Stone, who admitted she’s “loved musicals” since she saw Les Mis at the age of 8, echoed those sentiments, describing how the old-fashioned romance of La La Land—inspired by films like 8½, The Umbrellas of Cherbourg, and Singin’ in the Rain—is a welcome antidote to the cynicism plaguing the world.
“What I would hope young people would take away from it is, I don’t know if you remember when Conan O’Brien left his show… but he made a speech at the end of it, and he said ‘to let go of cynicism’ and that ‘cynicism was the ugliest quality’ to him,” said Stone. “And I think something about Damien and what Damien created, and the hopefulness and the joy and the beauty of this medium but also this story… this movie is in no way cynical. It’s about dreaming, and hoping, and working toward something to achieve something, and I think young people have fallen into a lot of cynicism, and making fun of things, and pointing out the flaws in everything, and this movie is anything but that. So it’s a huge joy to be a part of it and show it to young people. This is what I hope young people will do—work hard to achieve their dreams and hope, instead of be cynical.”
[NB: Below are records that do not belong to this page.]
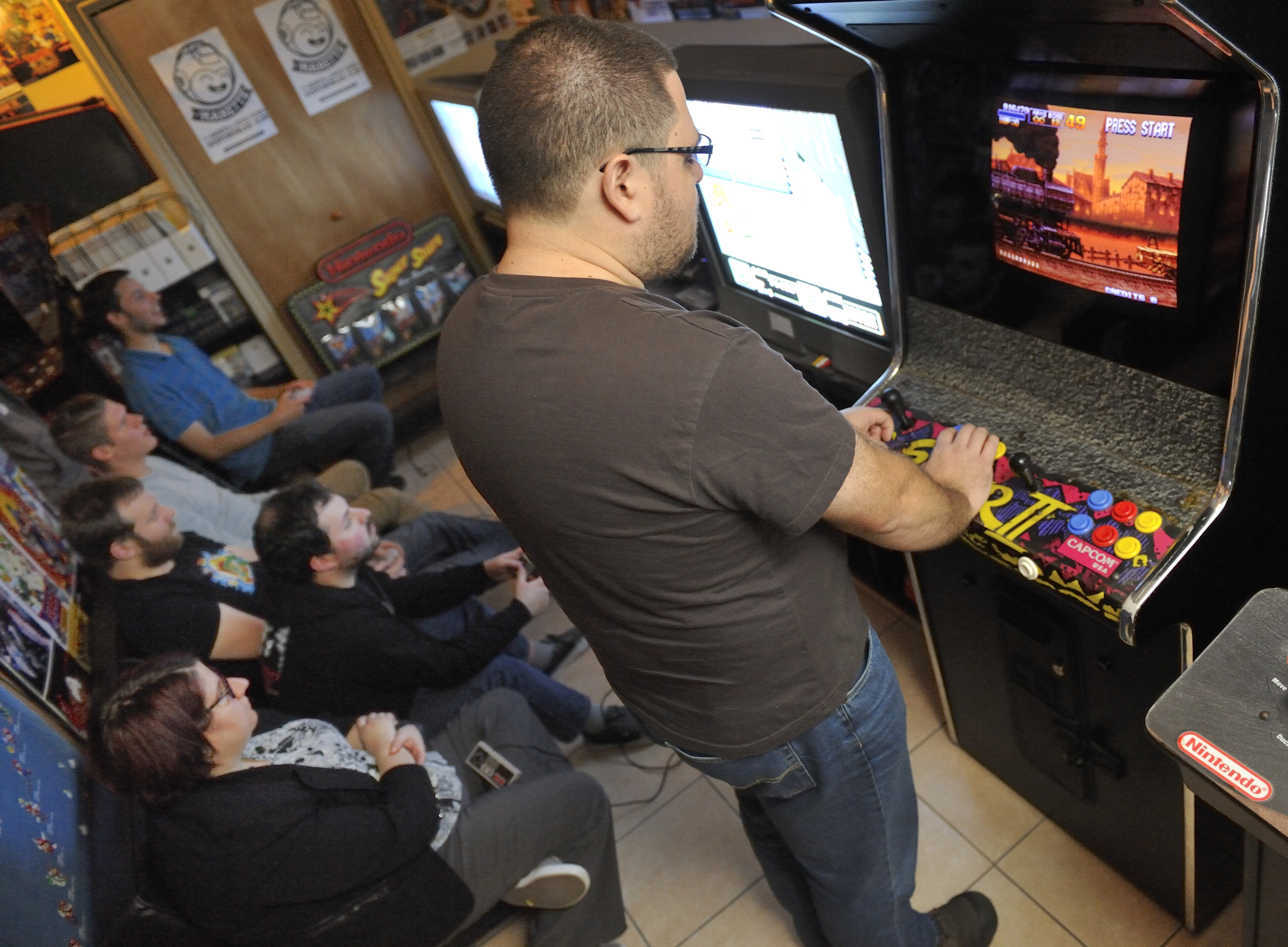 Dès 19h, des rétrogameurs s’installent devant une des 6 bornes d’arcade ou des 10 consoles de jeux vidéo – Nintendo, Atari, Genesis, Play-Station, Super Nintendo – qui composent l’arsenal de Papa Cassette. Sur les murs du petit studio, les personnages de Lethal Enforcers, de Bloody Wolf et d’Armored Warrior fixent les joueurs qui s’activent devant les écrans en poussant des jurons pleins d’entrain. Des centaines de jeux pour tous les goûts garnissent les étagères des bibliothèques.
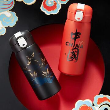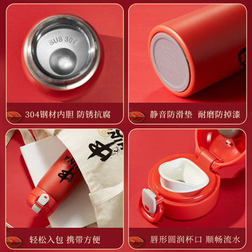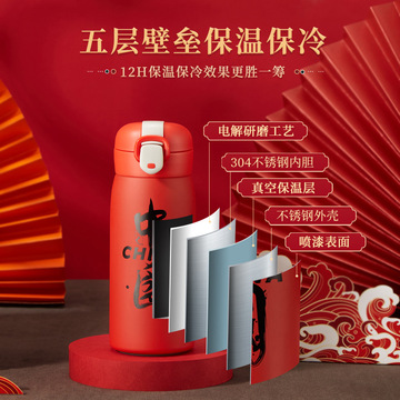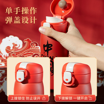 中国风创意保温杯弹跳盖不锈钢杯子国潮水杯礼品 红色380ml
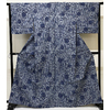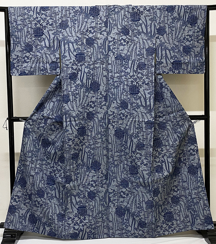 しなやかな良い手触りの木綿織り生地の両面染めの品で、網代柄を白で重ねた青ネズ色の地織りに、雪輪と花柄を濃紺色で染めた品。 裏面は、亀甲に花柄を染めた品。 背伏せは共生地返しで、木綿白の衿裏が付いた手縫いの単衣仕立て。衿裏にはくるみホックが付いています。
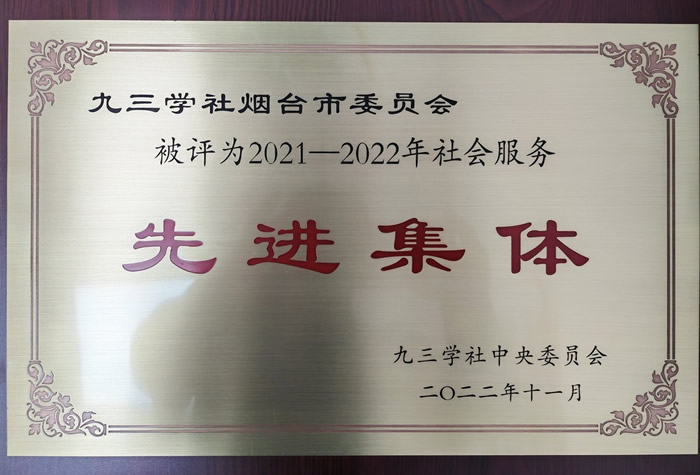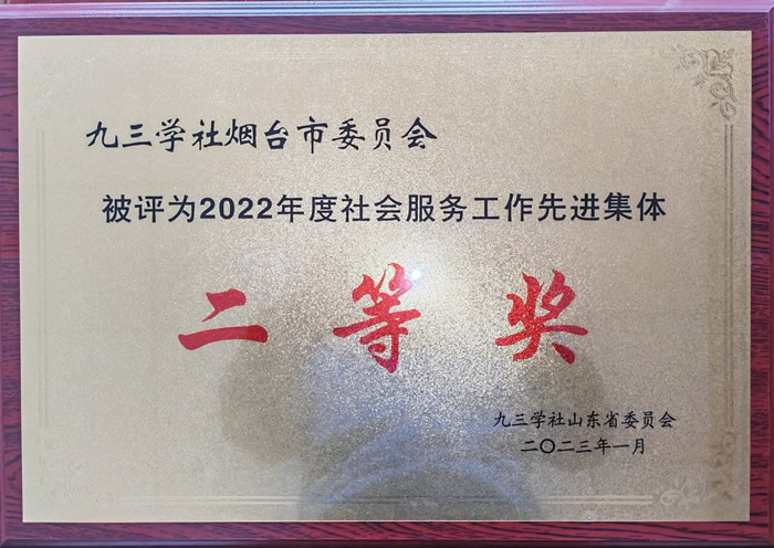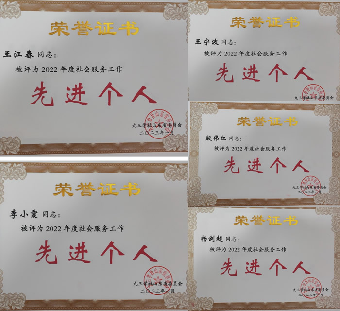 市委会荣获九三学社山东省2022年度社会服务工作先进集体二等奖,王江春、杨剑超、李小霞、殷伟红、王宁波荣获九三学社山东省2022年度社务服务工作先进个人。
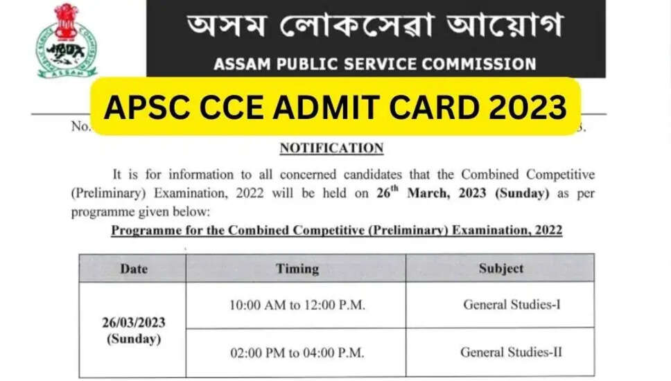 असम पीएससी संयुक्त प्रतियोगी परीक्षा 2023 की तारीख घोषित - प्रीलिम्स एडमिट कार्ड डाउनलोड करें
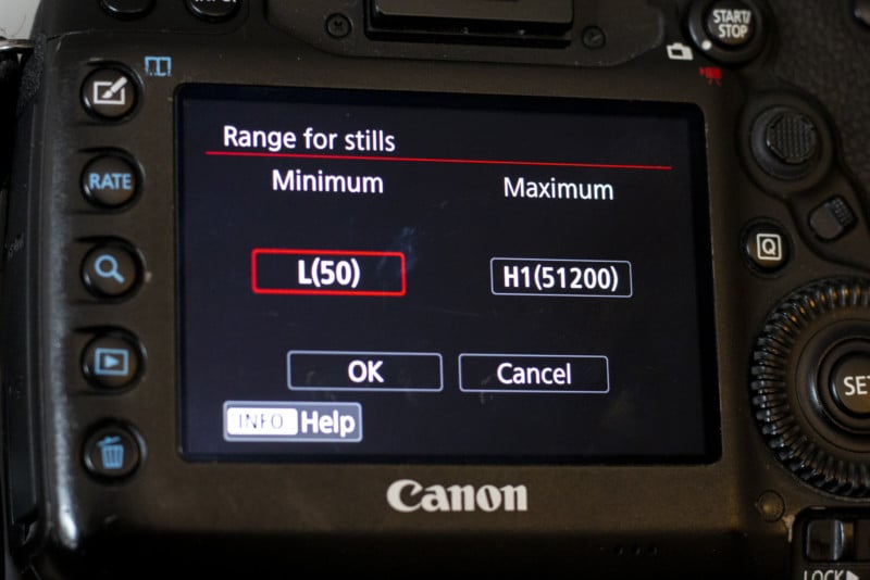 Many DSLR cameras will advertise that they can extend their ISO ranges below their minimum and above their maximum ISOs. In most cameras, it might be advertised that the extended range of the camera goes down to ISO 50 instead of 100 and up to ISO 51,200 instead of 32,000.
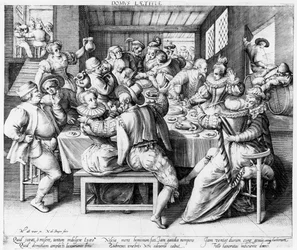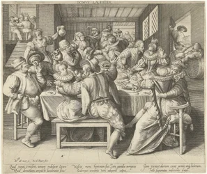 Une maison pleine de fête(Een huis vol feestrumoer Domus Laetitiae (title on object))Nicolaes de Bruyn(print maker),Maerten de Vos(after design by) |
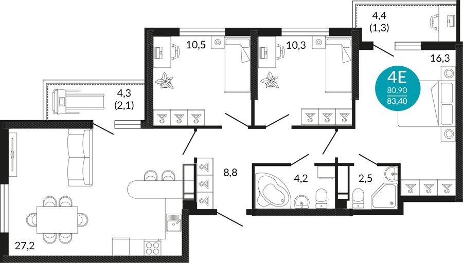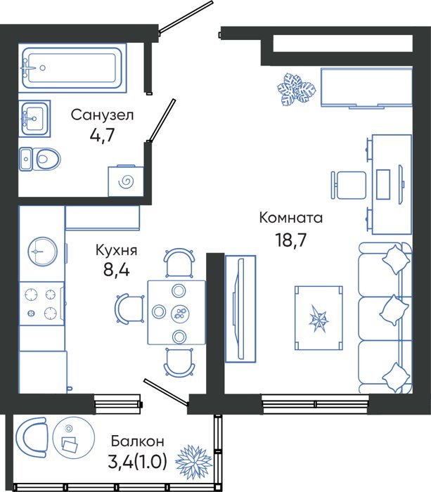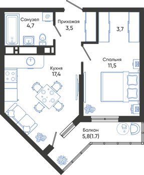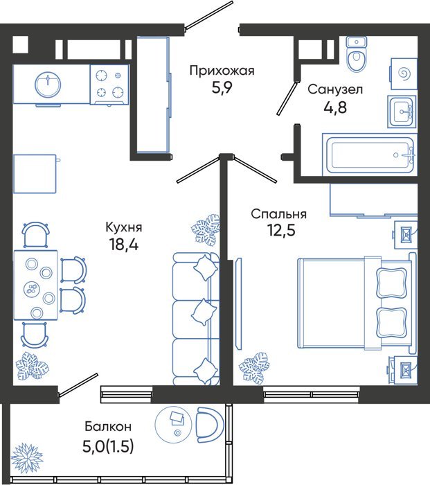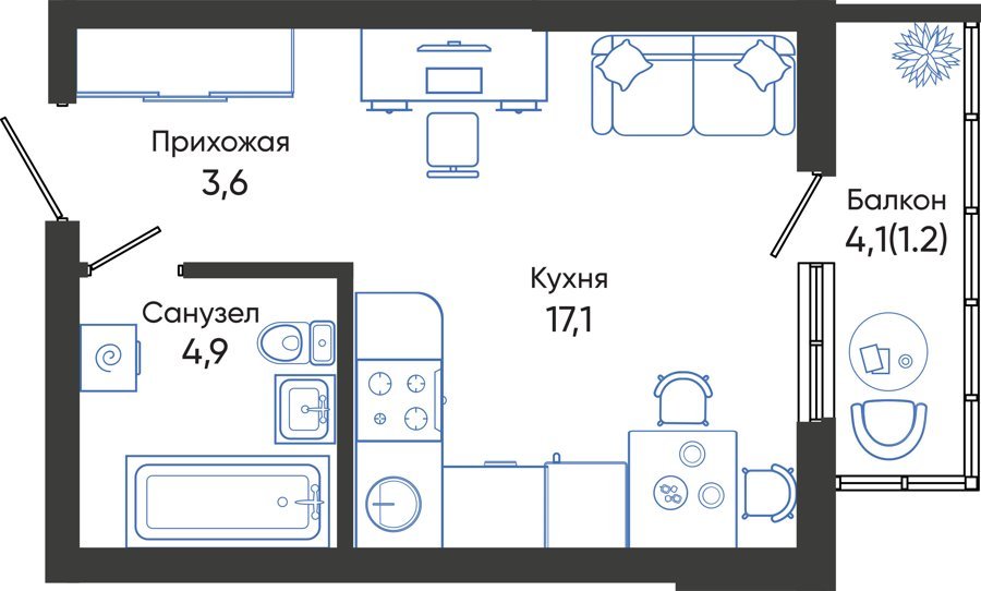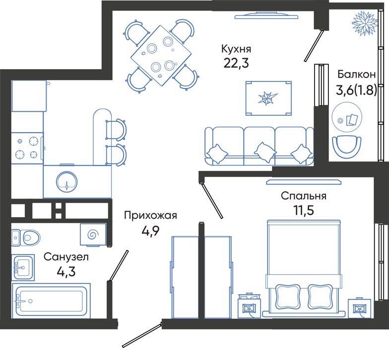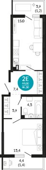 Площадь от 43.5 м2
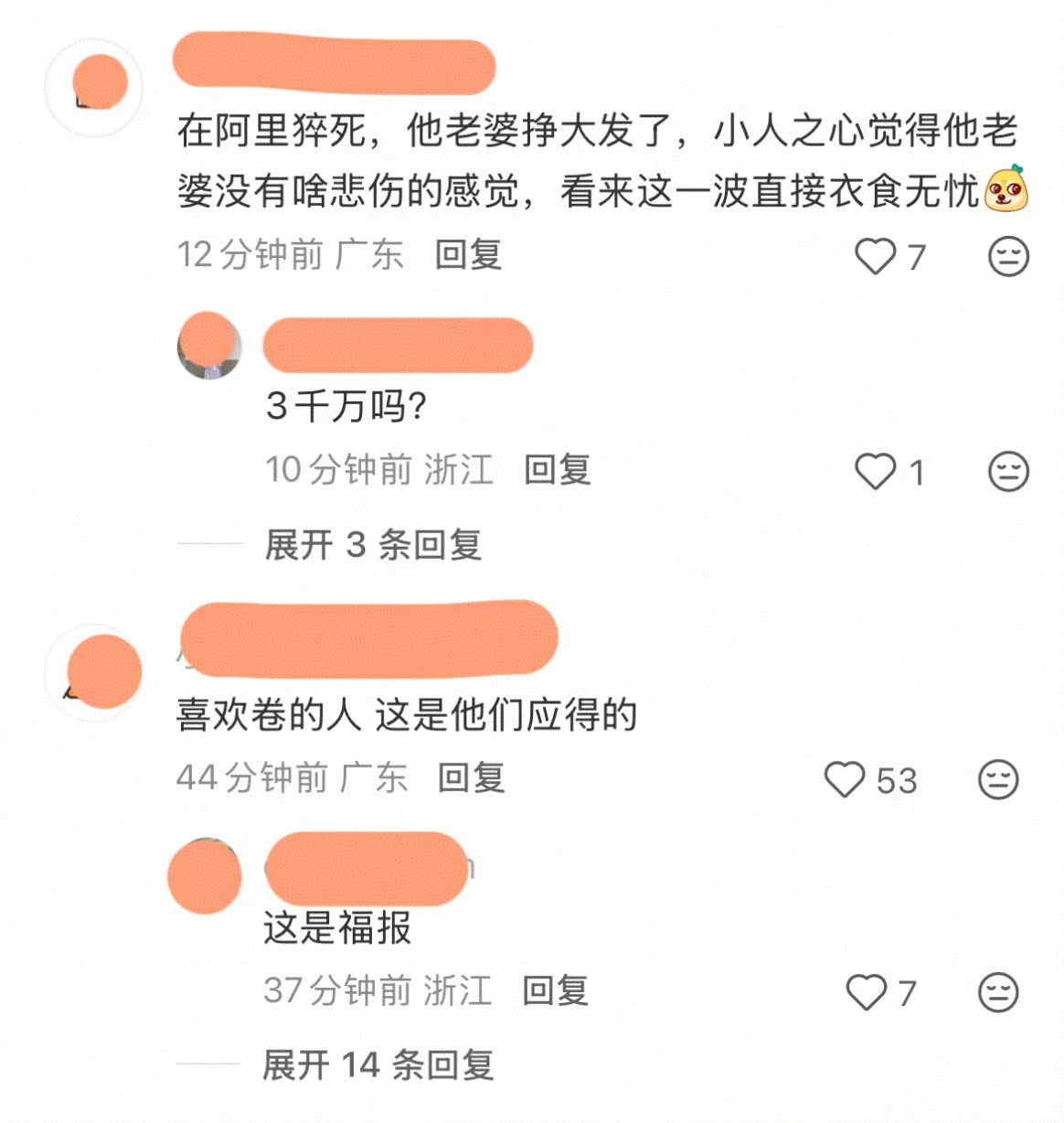 应该质疑的是,阿里在员工保障方面是否存在失职,即便通过赔偿取得逝者家属的谅解,但如何保证没有下一次?作为普通人,突然遭遇至亲离世,随后面对资本承诺赔偿、要求别闹事的重压,生活还得继续,只能发文“感恩”。
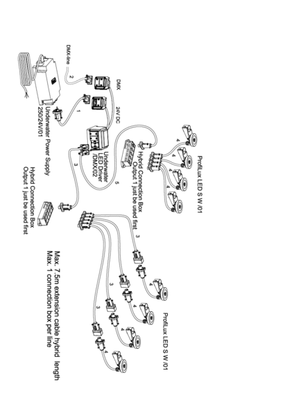 - DMX/RDM-управляемый с подводным выключателем 24 В постоянного тока (вкл / выкл)
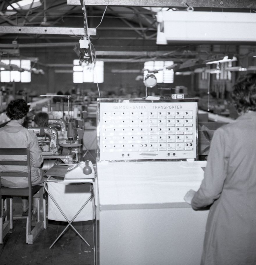 This photograph shows the interior of Jacquard Hosiery Mills Limited, including machinists sitting sewing machines. The Jacquard Hosiery Mills Ltd, were knitters of underwear and outerwear, that went under the brand name 'Jacquard. The mill was situated at 601 Featherston Street, Palmerston North. Published in the Manawatu Evening Standard 12 February 1968.In the 1967 Palmerston North phone book the factory is listed as Jacquard Hosiery Mills Limited at 601 Featherston Street. Personnel included General Manager V Kraak, Manager W.V. Hobbs and Secretary M F Ryder.
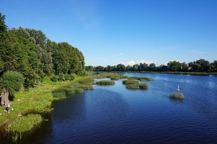 По речке Салацгрива плавают стайки на супах до 20 человек.
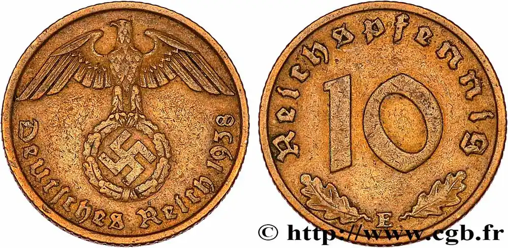Soldes ALLEMAGNE 10 Reichspfennig aigle surmontant une swastika 1938 Muldenhütten – E fwo_752190 Monde
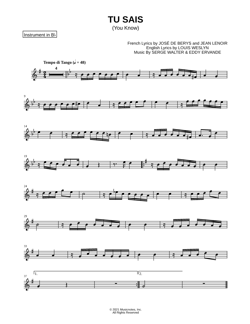 Tu Sais - Bb Instrument |
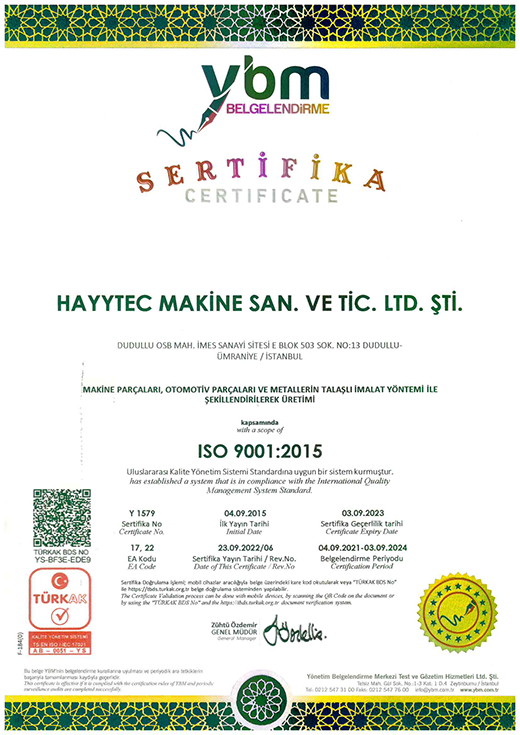 HAYYTEC Makine olarak; firmamızı başarılı bir şekilde yönetmek, kontrol etmek, sistematik ve şeffaf çalışabilmek için uluslararası bir standart olan ISO 9001:2015 Kalite Yönetim Sistemine sahibiz.

Chazelle confessed that he’d written the film—and most of the music was completed—before Whiplash, and that the film had been gestating in his mind for quite some time, inspired by the “loneliness” of life as an L.A. transplant. “The idea of this movie in terms of L.A. was to build from all the clichés that we make fun of about L.A.—the traffic, the terrible parties, the celebrity culture, the shallowness—but then try to maybe build from that to an actual love letter, to try to see what is beautiful underneath the surface,” he said.
Of course, this is the third collaboration between the chemistry-rich onscreen duo of Stone and Gosling—after their GIF-worthy Dirty Dancing routine in Crazy, Stupid, Love and the disappointing period saga Gangster Squad—and it seems they’re showing no signs of slowing down.
“To work with Ryan again, who is my buddy, it’s wonderful to get to work with someone you know and trust so much as an actor and as a human being. So it was great,” said Stone.
“I knew he could sing and dance, but we had to learn to ballroom dance together,” she added. “Once you’ve learned to ballroom dance with somebody, I mean, you’ve learned everything you need to know. If you want to get to know someone, take some ballroom dancing classes with them. He’s very good at leading.”